Я заметил, что Келли все еще смотрит на меня.
– Итак, – сказал я, – цель вашего существования лишь в том, чтобы защитить самих себя и выходцев с Востока?
– Да, и текл. И защитить их можно только… Но я забыл, тебе это неинтересно. Ты настолько занят погоней за фортуной по горам трупов, что у тебя нет времени выслушивать кого бы то ни было, не так ли?
– Поэтично, да? – сказал я. – Ты когда-нибудь читал Тортури?
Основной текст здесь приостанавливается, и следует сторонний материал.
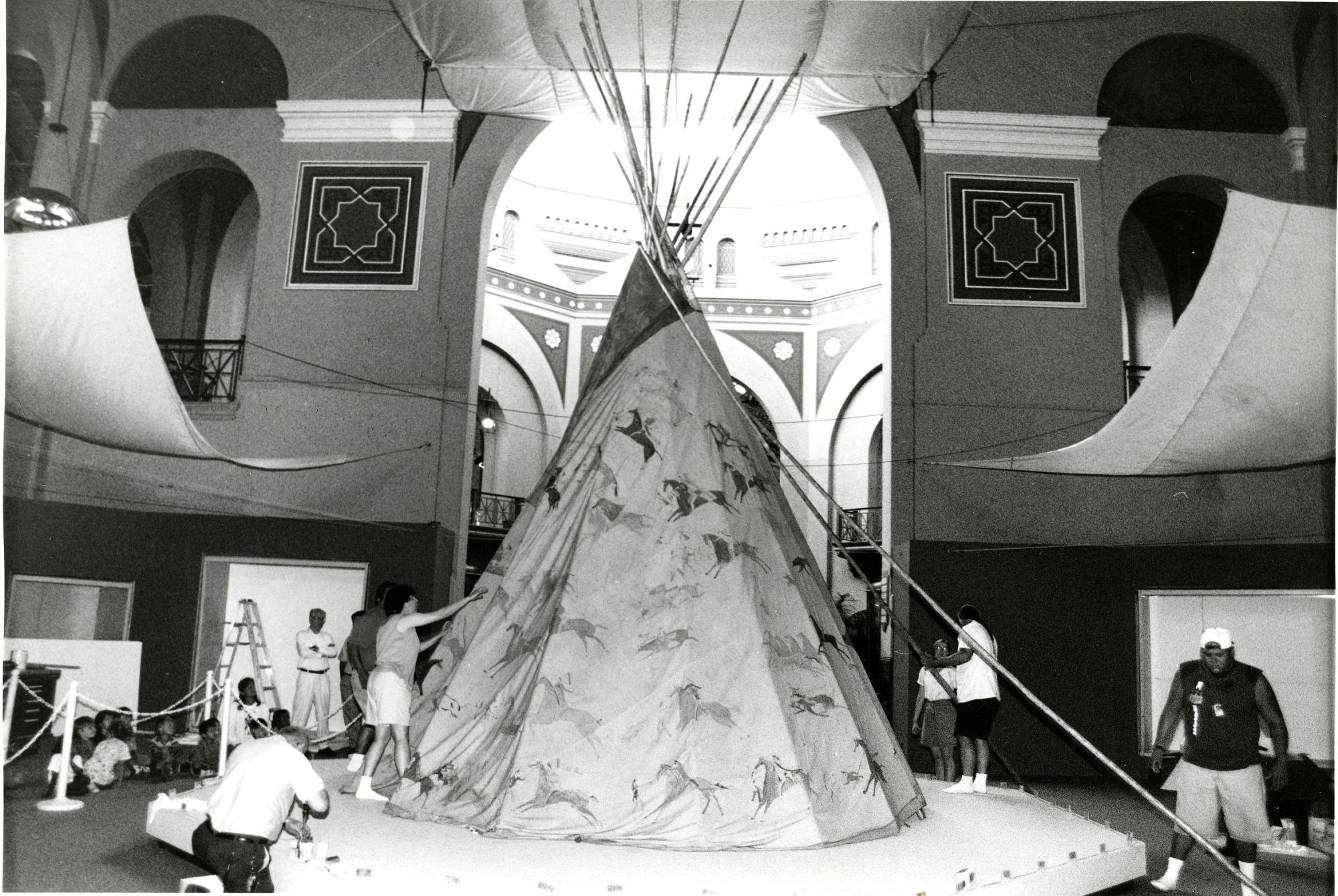The National Museum of the American Indian and Exhibits Central staff install a Dakota tepee (circa 1910) in the North Hall of the Arts and Industries Building for a special exhibition titled "Stories of the "People". Children are sitting on the floor watching. This was a preview of the National Museum of the American Indian to be built on the National Mall.

– Да, – ответил Келли. – Хотя предпочитаю Уинта. Тортури умен, но поверхностен.
– Гм… да.
– Подобно Лартолу.
– Да.
– Они относятся к одной и той же поэтической школе и к той же исторической эпохе. Это было после реконструкции в конце девятого правления Баллисты, и аристократия испытывала неприязнь к…
– Ладно-ладно. Ты весьма неплохо начитан для… кем бы ты ни был.
– Я революционер.
– Да. Возможно, ты сам Баллиста. Созидание и разрушение в одном лице. Только пользы от твоей деятельности что-то не видно.
– Нет, – сказал он. – Если бы я принадлежал к одному из драгейрианских Домов, это был бы Дом Теклы.
Я фыркнул:
– Это ты сказал, не я.
– Да. И это еще одно, чего ты не понимаешь.
– Не сомневаюсь.
– Текл считают трусами. Разве Пареш трус?
Я облизнул губы.
– Нет.
– Вот именно. Он знает, за что сражается. Кроме того, их считают глупыми и ленивыми. Это соответствует твоим впечатлениям?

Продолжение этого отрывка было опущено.